Conductor and music director Bay Area artist Mary Chun led the EarPlay /Real Play orchestra of thirteen instruments with ease. The range of wind and string and percussive instruments included saxophone, an instrument Shearer said was a new instrument for him to write for. They performed with precision and enthusiasm.

As one musician commented before the show, Shearer’s score had everything. Sometimes it seemed like a tap-dance, counterpointing the eloquent lyrics Stevens created. Chun brought out the best of the rich textural resonance of both word and sound.

The most satisfying parts of the arias Shearer proffered seemed the downbeats of Leonard’s “A Man Like Me,” Helen’s, “I tempted him and I killed him,” and “Let’s Not Care For Once.” Perhaps most touching were Ruth Wilcox’s garden farewell, and the contrapuntal duets of Henry and Margaret, accenting the idea of the successful counterpoint Leonard longs for but never achieves.

Overlapping Visions

The set more than complemented the interaction of dramatic tension and narrative action. Projection Designer and Videographer Jeremy Knight devised a marvelous series of both color and black and white projections and in his set box five screens brilliantly juxtaposed indoors and outdoors. These included Howards End, indoors and out, complete with tree and brick, and the abandoned house covered with sheets, the sea, downtown Boston and Beacon Hill, the Boston Common and the Swan Boats in the Boston Public Garden. These iconic sites came and went unobtrusively, amplifying more than mere atmosphere.

Again, the narrative milieu drove us scene by scene, but never were the visuals intrusive or simply decorative. They were so smoothly done that as we shifted from scene to scene, we moved as in a dance, the new space unfolding almost organically from the last. This heightened the expressive power of the scene before us. Intimate and powerful, we moved “here” and “there” with almost never a false note.

Both the projections and the idea were effective, but since land and houses were the story’s heart, it distracted from it. It seemed more Virginia Woolf than E.M. Forster and as such, focused more deeply on the metaphysical implication of death and dissolution rather than the societal conflicts. Of course the result for both is destruction, but with Leonard and Helen’s child, the future was to fulfill the promise of cessation of such tension.

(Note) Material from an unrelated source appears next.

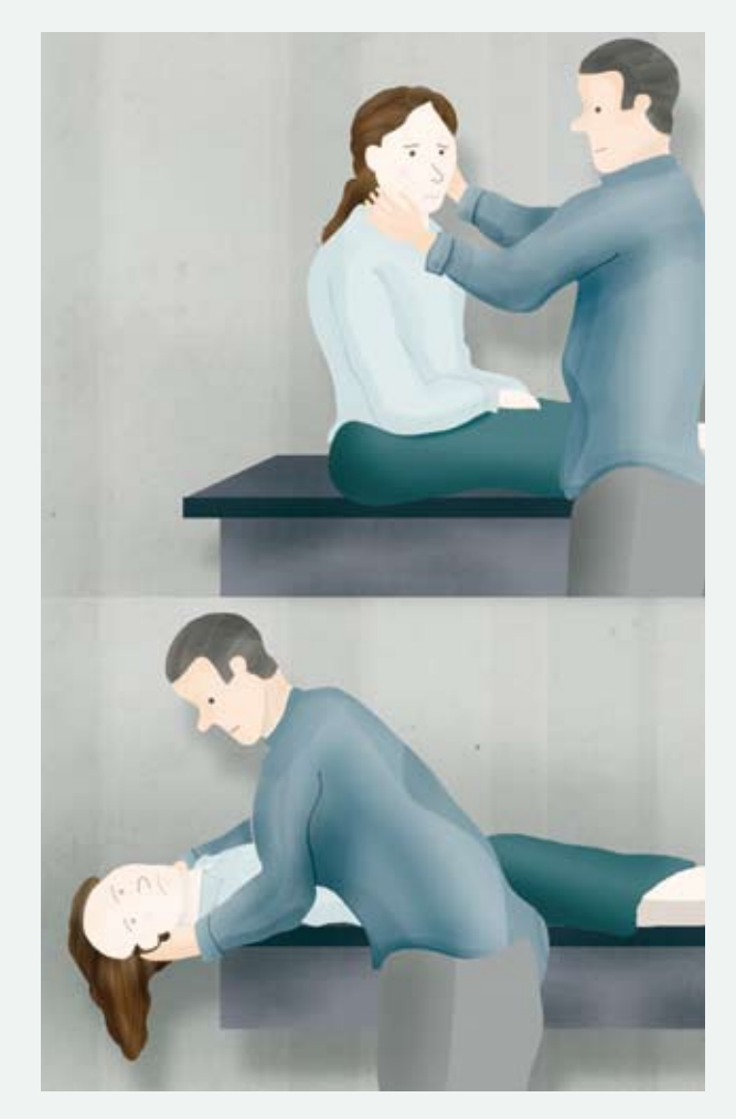
Adapted from BMJ Best Practice<sup>4</sup>

Repeat the test on the opposite side. Ideally, test the suspected normal ear first and the suspected symptomatic ear second. If there is no nystagmus it is not BPPV.

Philip Lowery did a masterful job with Stage Direction. “Howards End, America” glided skillfully and smoothly through its two hours and 15 minutes. The musical line and the narrative arc was seamless. The moving of stage objects was also fluid and barely noticeable until complete; sometimes performers moved them, while at other times off-stage persons took on said responsibility.

The integration of the projections with text and tone was masterful. Rarely does the degree and quality of the projections themselves so ratify their use. Further the choices of the particular subjects was more than apt. The particularity of place – garden, bedroom, streets – matched idea and text exceptionally well. The “story” of the projections coincided with the textual story as did the musical one, and with textural precision. This, coupled with the snapping of Helen Schlegel’s camera establishing another “point of view,” almost a narrator of sorts, compelled us to look at the whole “scene” and “situation” with a journalist’s observing eye.

Here was another layer of the opera’s complexity provoking more sophisticated thought and contemplation.

Marina Polakoff provided an accurate rendering of 1950’s apparel and David Roberson did a successful lighting design. Both contributed their skills to provide a pleasing and satisfying portrait.

We need more opera at this level that is provocative as well as satisfying. The time sped by overall with quickness and ease (though the final scenes might benefit from some editing). The choices to feature so many details of the story/plot line sometimes burdened the movement and became a detriment. A prose rather than a poetic mood was the choice, and as such, idea more than emotional intensity ruled. Despite the intimacy of this chamber opera, we need more than the moral rise and fall to carry the heart.